My question, therefore, is this. I have business trips over the next three weeks taking me from Spain to Germany, Czech Republic, Austria, and Italy, then back to Germany, and then to the UK. If I obtain an Emergency Passport from the Consulate here in Barcelona, would this be valid as an identity document within Schengen, before I eventually 'cash it in', so to speak, as a travel document when I make my trip from Germany to the UK?

I am hoping so, as I don't fancy my chances of getting back to the UK in time to secure an appointment for a fast-track passport. I am going to call the consulate tomorrow, but would appreciate any advice or prior experience.

  • I wouldn't call it a severe mistake, you can sometimes fly in the Schengen area without showing any ID. But you can't count on it either, so getting an emergency passport is indeed the right solution.
    – Relaxed
    Jun 15, 2014 at 20:18
  • An emergency passport is a passport, it just has a shorter validity period. For instance, one from the US is valid for up to one year instead of 10 years. Aug 17, 2015 at 18:51

1 Answer 1


Yes, that's more-or-less what emergency passports are for, even outside the EU or the Schengen area. An emergency passport is in fact a travel document, unlike national ID cards (which are however perfectly valid within the EU as well) or driver's licenses (which are not intended to be used for that). (I write “more-or-less” because emergency passports are primarily used to come back to your country of origin, not necessarily to roam the world but they are valid travel documents; a travel document that's only valid for a specific trip is typically called a “laissez-passer”).
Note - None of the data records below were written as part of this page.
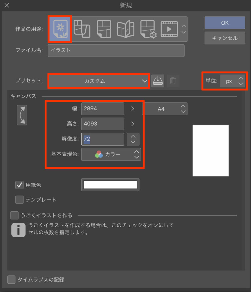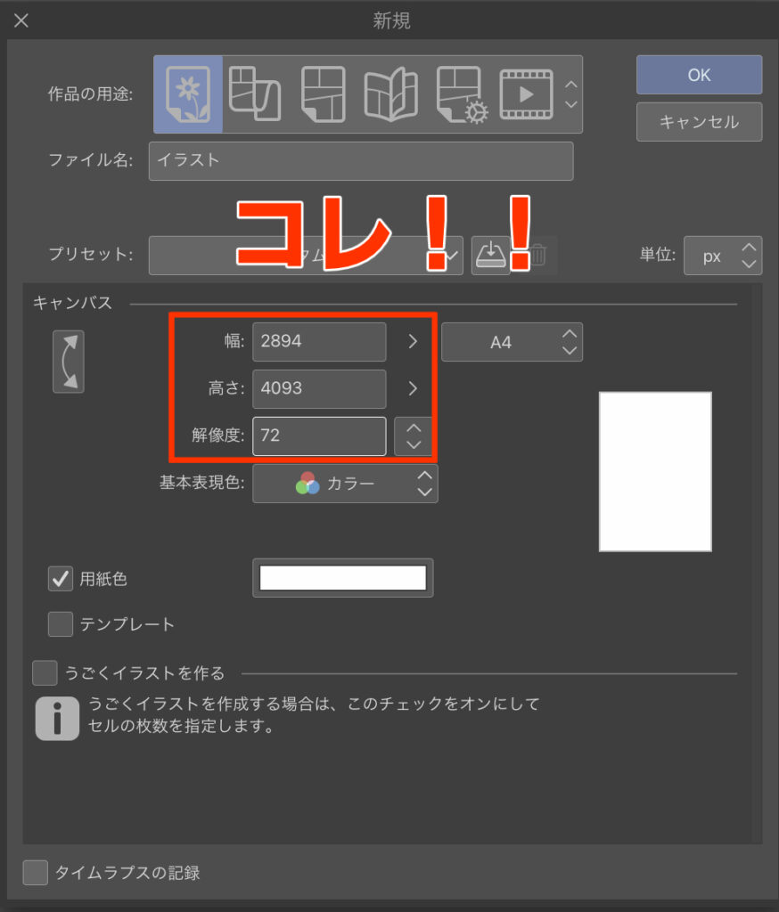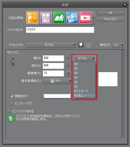 クリスタ キャンバスサイズ、dpiのおすすめ設定xxfiction。
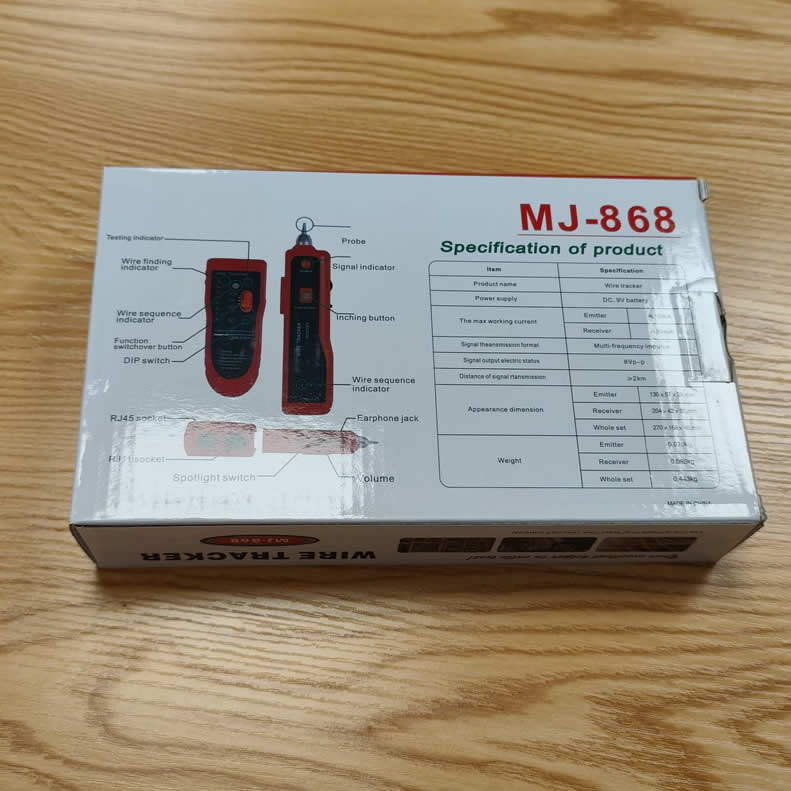 Its emitter-receiver system allows for fast identification of cable pairs, even in complex wiring environments. With built-in LED indicators, low-voltage safety limits, and an earphone for noisy settings, the MJ-868 is ideal for fieldwork, office installations, and telecom diagnostics.
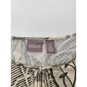Chicos size 2 (L) modal blend floral scoop neck tie collar EUC green career *
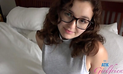 lena paul est une jolie fille avec des lunettes curieuse d'une bite
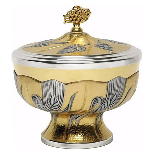 Catholic ciborium with wheat decoration and two-tone engraved lid. This church ciborium is made in Italy from two-tone brass with chased repoussé work. The cup is decorated with raised wheat motifs in silvered brass, creating a visual contrast with the main finish. The lid has a coordinated relief decoration of leaves and bunches of grapes and is topped by a fish in gilded brass. Designed for regular liturgical use, it is suitable for various celebratory contexts. Maintenance: use a soft, dry cl...
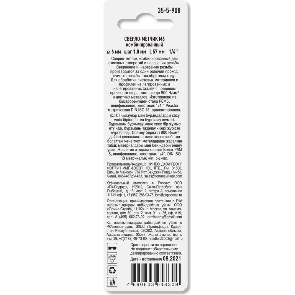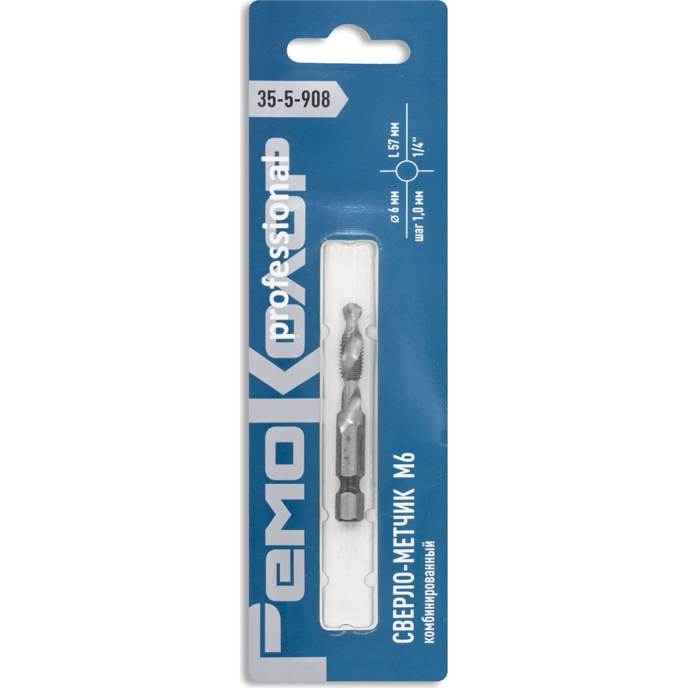 Сверло-метчик комбинированный М6, 6 мм, шаг 1 мм, длина 57 мм, хвостовик 1/4", РемоКолор 35-5-908
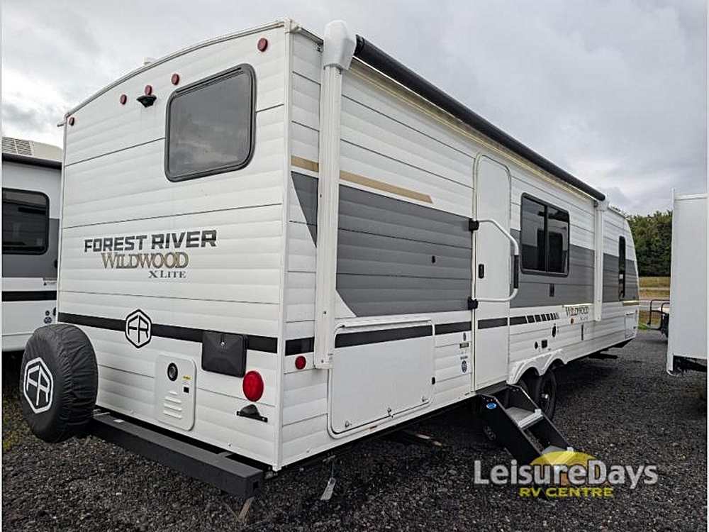 Forest River Wildwood travel trailer 32BHDS highlights: Private Bunkhouse Outdoor Kitchen U-Shaped Dinette Dual Entry Panoramic Windows Pass-Through Storage  …
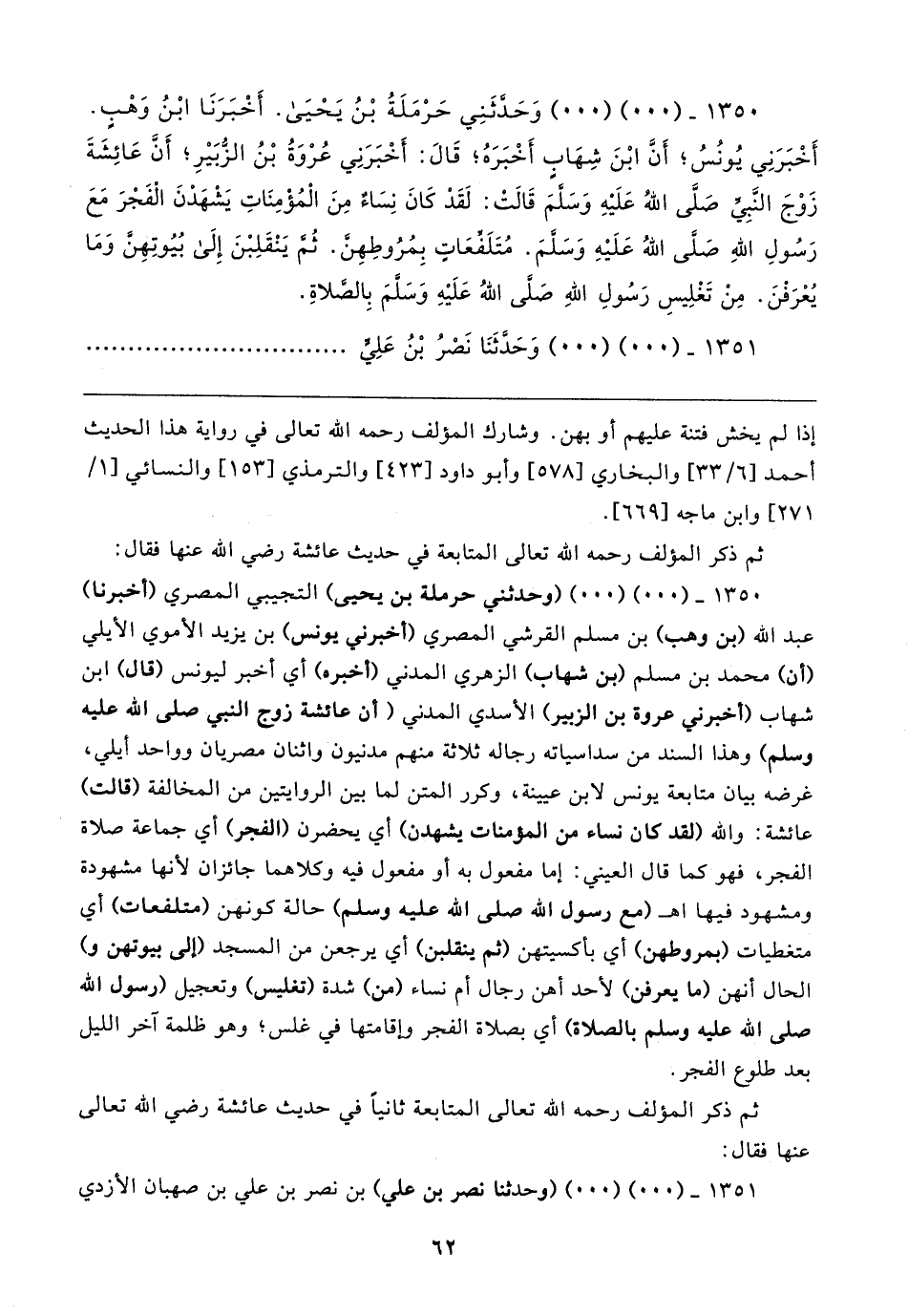 ١٣٥٠ - (٠٠) (٠٠) (وحدثني حرملة بن يحيى) التجيبي المصري (أخبرنا) عبد الله (بن وهب) بن مسلم القرشي المصري (أخبرني يونس) بن يزيد الأموي الأيلي (أن) محمد بن مسلم (بن شهاب) الزهري المدني (أخبره) أي أخبر ليونس (قال) ابن شهاب (أخبرني عروة بن الزبير) الأسدي المدني (أن عائشة زوج النبي صلى الله عليه وسلم) وهذا السند من سداسياته رجاله ثلاثة منهم مدنيون واثنان مصريان وواحد أيلي، غرضه بيان متابعة يونس لابن عيينة، وكرر المتن لما بين الروايتين من المخالفة (قالت) عائشة: والله (لقد كان نساء من المؤمنات يشهدن) أي يحضرن (الفجر) أي جماعة صلاة الفجر، فهو كما قال العيني: إما مفعول به أو مفعول فيه وكلاهما جائزان لأنها مشهودة ومشهود فيها اهـ (مع رسول الله صلى الله عليه وسلم) حالة كونهن (متلفعات) أي متغطيات (بمروطهن) أي بأكسيتهن (ثم ينقلبن) أي يرجعن من المسجد (إلى بيوتهن و) الحال أنهن (ما يعرفن) لأحد أهن رجال أم نساء (من) شدة (تغليس) وتعجيل (رسول الله صلى الله عليه وسلم بالصلاة) أي بصلاة الفجر وإقامتها في غلس؛ وهو ظلمة آخر الليل بعد طلوع الفجر.
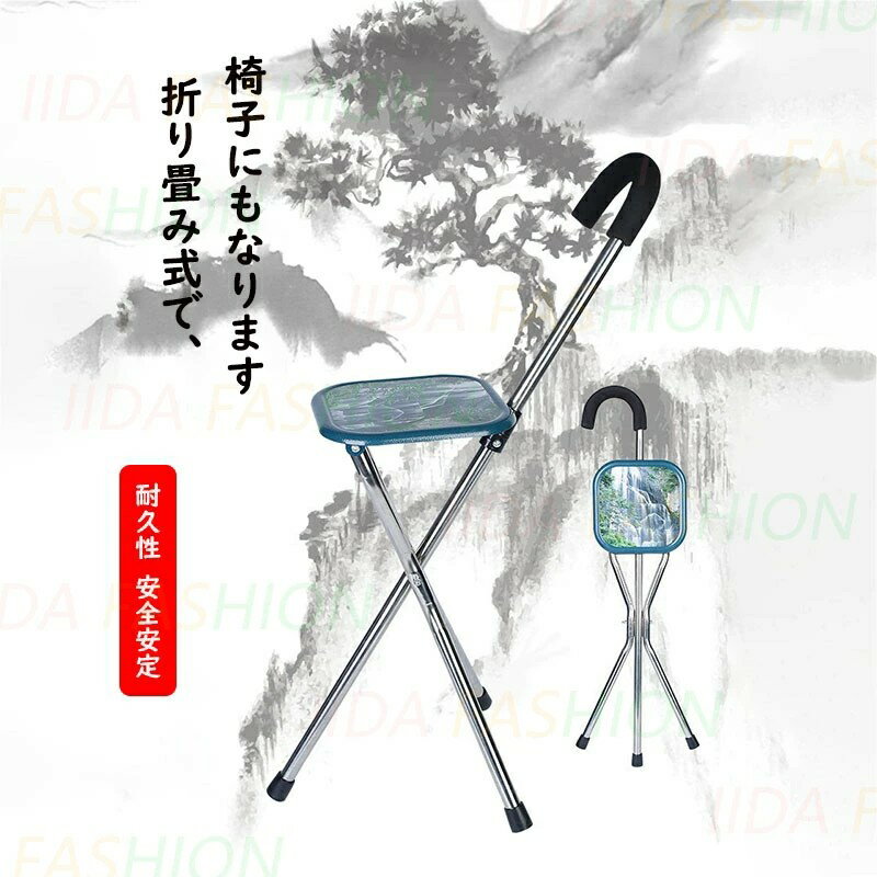 商品名 : ステッキチェア 高齢者 軽量 ステンレス製 折りたたみ ステッキチェアー おしゃれ 介護 補助 歩行 リハビリ ステッキ 椅子 トレッキング 杖 三脚 折り畳み ゴルフ観戦 釣り スポーツ観戦 持ち運べる椅子 行列待ち 男女兼用 休憩椅子 杖が椅子に変身 便利グッズ
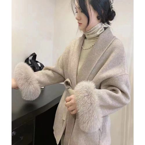 여성스럽고 세련 시크 울 100소매 탈부착 리얼퍼 반코트
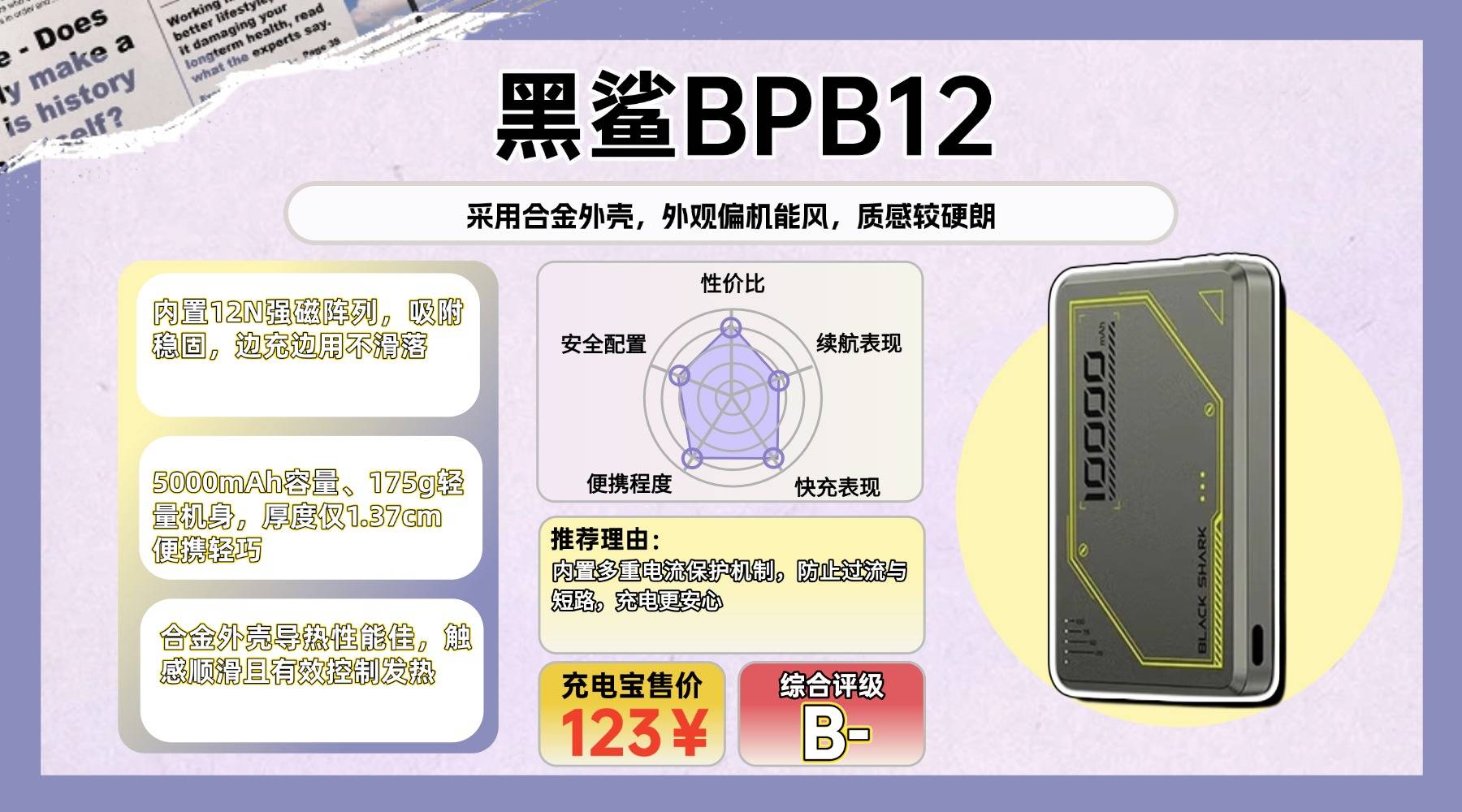 ●十大口碑比较好的充电宝品牌有哪些、第十款推荐:黑-鲨BPB12
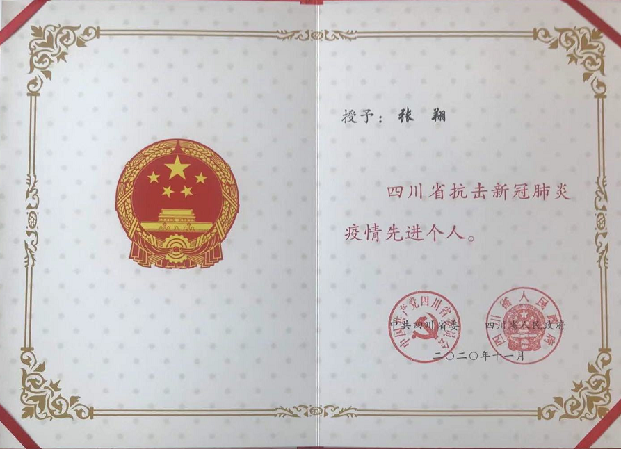 在病區(qū),張翔除了看病、查房,他還坐上負壓救護車共出診過3次,接回確診患者5人。因為前期人手不足,剛進艙時,他需要連續(xù)值完24小時的班后才能休息。為了節(jié)約防護物資,他整天不喝水,以減少上廁所的頻次。長時間身著防護服、隔離衣以及佩戴口罩、護目鏡帶來的壓抑感讓他出現(xiàn)了胸悶、頭暈、體力不支等情況。他努力克服高強度工作帶來的各種不適感和心理壓力,與病魔爭分奪秒。在他和進倉同事的精心救治和共同努力下,3例危、重癥患者病情逐漸趨于穩(wěn)定,2例感染患者成功治愈,成為瀘州市首批治愈出院的患者。面對這一切,張翔說,自己是羌族小伙,2008年汶川大地震,家鄉(xiāng)茂縣也受到了影響,那時因為還在讀書,沒有這個能力,現(xiàn)在有這個能力了,也是該自己出力的時候了。張翔表示,將珍惜這份榮譽,在今后的工作中繼續(xù)發(fā)揚“生命至上、舉國同心、舍生忘死、尊重科學、命運與共”的偉大抗疫精神,倍加努力,為人民群眾的健康保駕護航。

There are some restrictions like not being eligible for the US visa waiver program or not fulfilling minimum validity rules in many countries but none of this is relevant within the EU. I once had the occasion to leave and re-enter Germany with a French emergency passport issued by the embassy in Berlin. I recall that the border guards seemed to look at it a little more carefully than usual (the threads binding it were a bit loose) but that's it, no problem whatsoever.

(Another time, I also managed to fly with a driver's license and a good story but I wouldn't count on it working every time. If you have some form of Spanish residence card, you might want to take that with you. While it's not supposed to replace a passport, it can be helpful to reassure any airline employee who might be nervous about letting you board your flight.)